Paul: And the other question that you have, or should we hold off?
Chris Mancuso: We’ll hold off because I’m going to have you guys think of one.
Paul: Well let’s do that now, because Spencer will take the call as long someone comes in. I think we’re going to get these relatively quick.
Chris Mancuso: Now either frost or clay, so and you get a $25 fuel it up card.
Paul: I have got my own doubts about it but I’m not going to answer right now but we’ll wait till we get a caller, and then we’ll talk about the answer.
Chris Mancuso: Excellent.
Paul: Okay so lines are open at 799-1130, the Kessler’s Diamond Center toll free line 800-838-WISN. The first person to answer that question, its first come first serve. First person will get that $25 gas gift card… look at the lines light up like a Christmas tree. And then we’ll move on. After that Bob what we want to do is take calls. So it can be foundation basement questions and of course with inspector gadget Scott LeMarr from Honest Home Inspections. Any questions on the mechanical…
Scott: And one of the things I want to talk about too, we’re talking about frost or clay, we’ll get the answer to that in a minute, but a lot of times when I go on an inspection and Scott doing it for the buyer that we’re working with, we’ll come into a basement that already got the beaming and one of the walls or maybe more of the walls. And I get a lot of questions from buyers it’s just… is this good, is this bad, they’re scared of it sometimes. And so I think we can talk about it from an inspection standpoint and then we can talk to Chris and say, “All right Chris, what makes this beam the right beam. Is this wall fixed?” and we can talk about because I know there’s just so many buyers out there that are still scared when they see the beams…

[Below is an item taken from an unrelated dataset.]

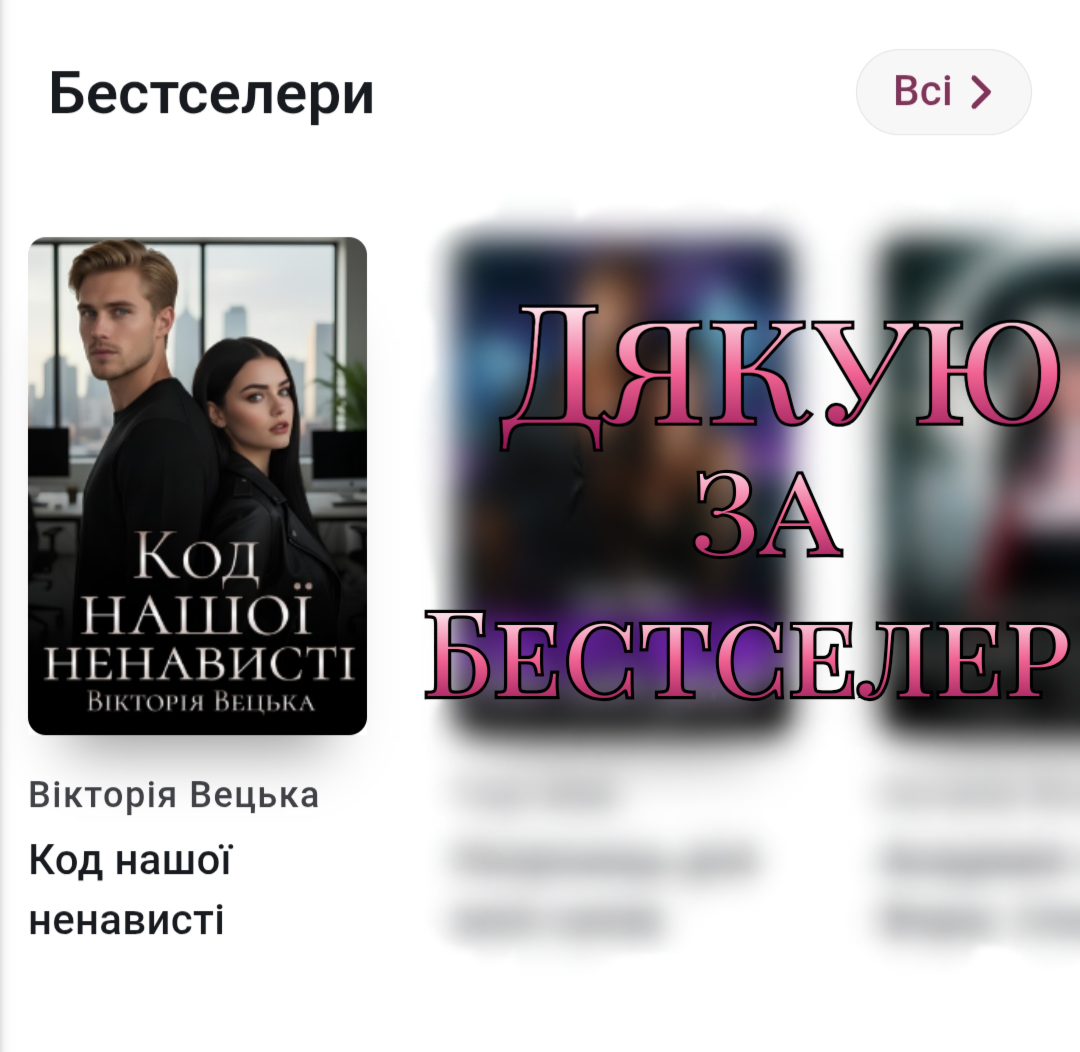 Сьогодні я прийшла до вас не просто так, а зі словами щирої вдячності. Ваша підтримка допомогла моїй книзі «КОД НАШОЇ НЕНАВИСТІ» потрапити до Бестселерів — і це для мене неймовірно багато значить. Я правда безмежно вдячна кожній із вас, хто читав, коментував, ділився враженнями й просто був поруч. Ви — моє натхнення і мої крила.

Chris Mancuso: You’re right. They’re frightened and they shouldn’t be, because…
Chris Mancuso: No because if it was fixed right I mean it’s…
Paul: It’s actually better than it was in the first place.
Chris Mancuso: Correct, it’s better.
Scott: It’s stronger than it was in the first place.
Paul: We will address your trivia question right now is that sound good?
Chris Mancuso: Absolutely.
Paul: And we’ll give away the first price for the morning. Our first caller is Mathew in Mount Pleasant. Chris, repeat the question again.
Chris Mancuso: All right. The question is “Most of the structural repair that gets done is caused by? A frost, or B clay expansion.”
Paul: Mathew good morning.
Matthew: Good morning.
Paul: Give it your best shot.
Matthew: I’m going to go with clay.
Chris Mancuso: Bingo, ding ding ding ding.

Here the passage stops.